Por temer o pior, a família do casal não informou a mulher, que ficou perto de uma semana a pensar que o bebé ainda estava a espera da cirurgia. Entretanto, o “O País” sabe que depois da sua morte, a criança foi à vala comum, sendo que a mãe só pode ver a filha através das fotografias tiradas pelo marido.

Segundo as autoridades de saúde a Gastrosquise é uma doença que incide igualmente em meninos e meninas, de 3 a 4 casos a cada 10.000 gestações. Os estudos apontam que a incidência deste fenómeno vem aumentando com o passar dos anos, sendo mais comum em filhos de mães jovens menores de 20 anos.

Não há fatores de risco comprovados cientificamente. No entanto, alguns estudos mostram que a doença pode estar associada a comportamentos e características da mãe, como: alcoolismo, uso de drogas ilícitas, consumo de aspirina durante a gestação, reduzida massa corporal e tabagismo.

PSICÓLOGA PREOCUPADA COM SAÚDE DOS PAIS
Traumático é como a psicóloga Miriam Munhame descreveu a história. A profissional chamou, por isso, atenção sobre o possível desenvolvimento, no casal, de doenças de fórum psicológico, como o que chamou de luto patológico. “Trata-se do luto que interfere nas actividades diárias da pessoa, depois deste tipo de traumas algumas não conseguem ir ao serviço, isolam-se não vão aos encontros familiares. É importante que sejam assistidos por psicólogos para que possam ter um luto que podemos considerar saudável. Isso não significa ausência da dor, mas a pessoa consegue ter uma vida social normal”.
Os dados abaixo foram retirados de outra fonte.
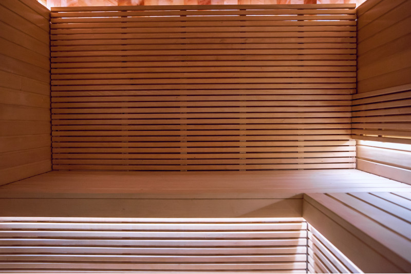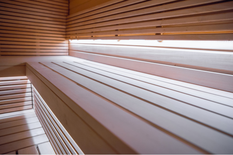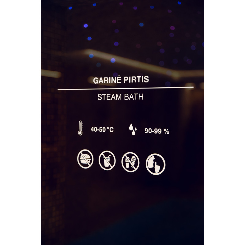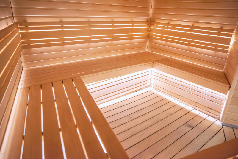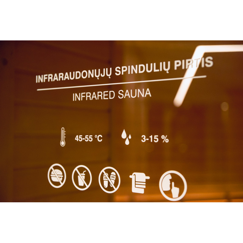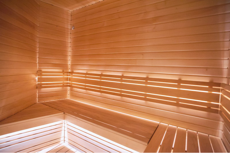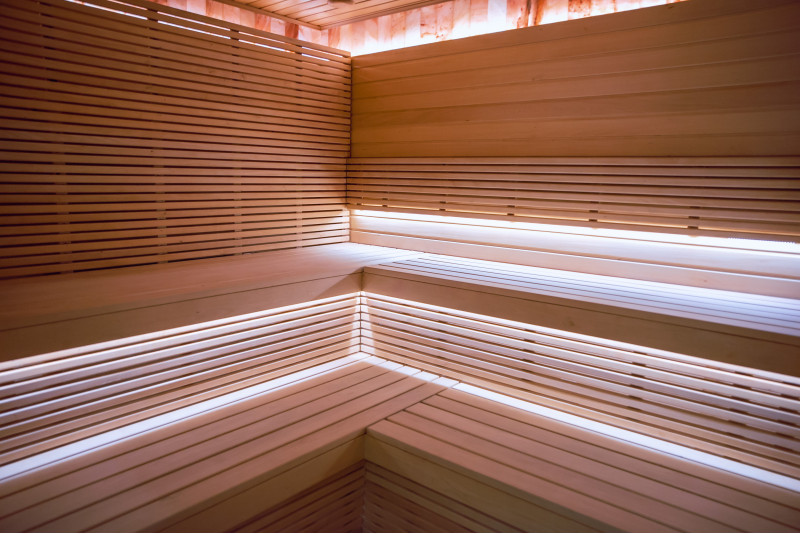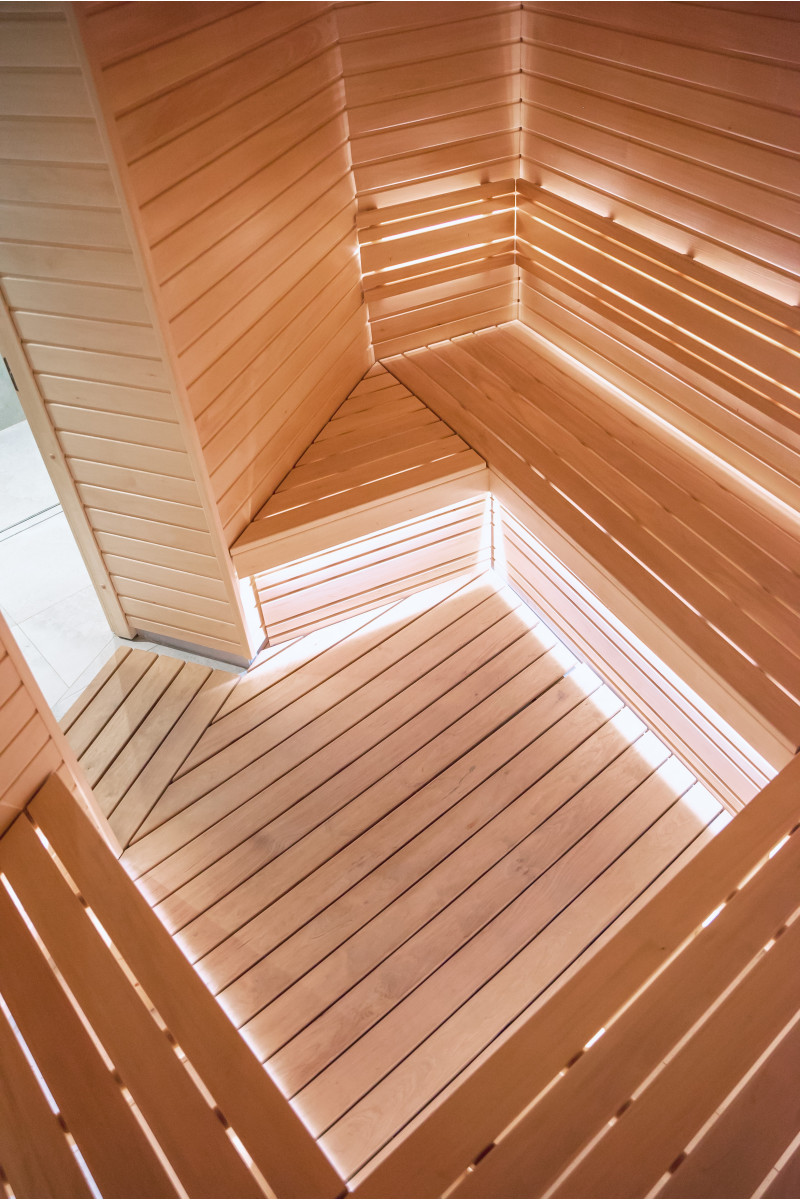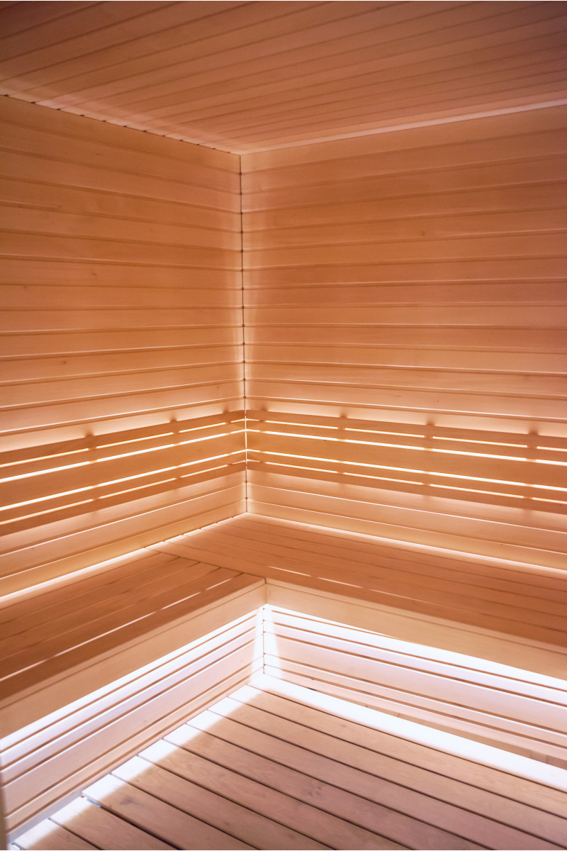 Savna je opremljena s prezračevalno opremo, LED osvetlitvijo pod zgornjimi pogradi in v hrbtnih oporah.

Porque trata-se de dois jovens de 24 anos, a psicóloga disse que a morte da criança não pode significar que o casal não pode continuar a sonhar com filhos. “Possivelmente eles possam carregar um sentimento de culpa pelo sucedido. É necessário tranquilizar esses pais para que não se sintam culpados pelo que aconteceu. Não podem perder a esperança, eles podem sonhar em ter mais filhos. Se sentirem algumas incertezas podem procurar ajuda de um psicólogo”, terminou.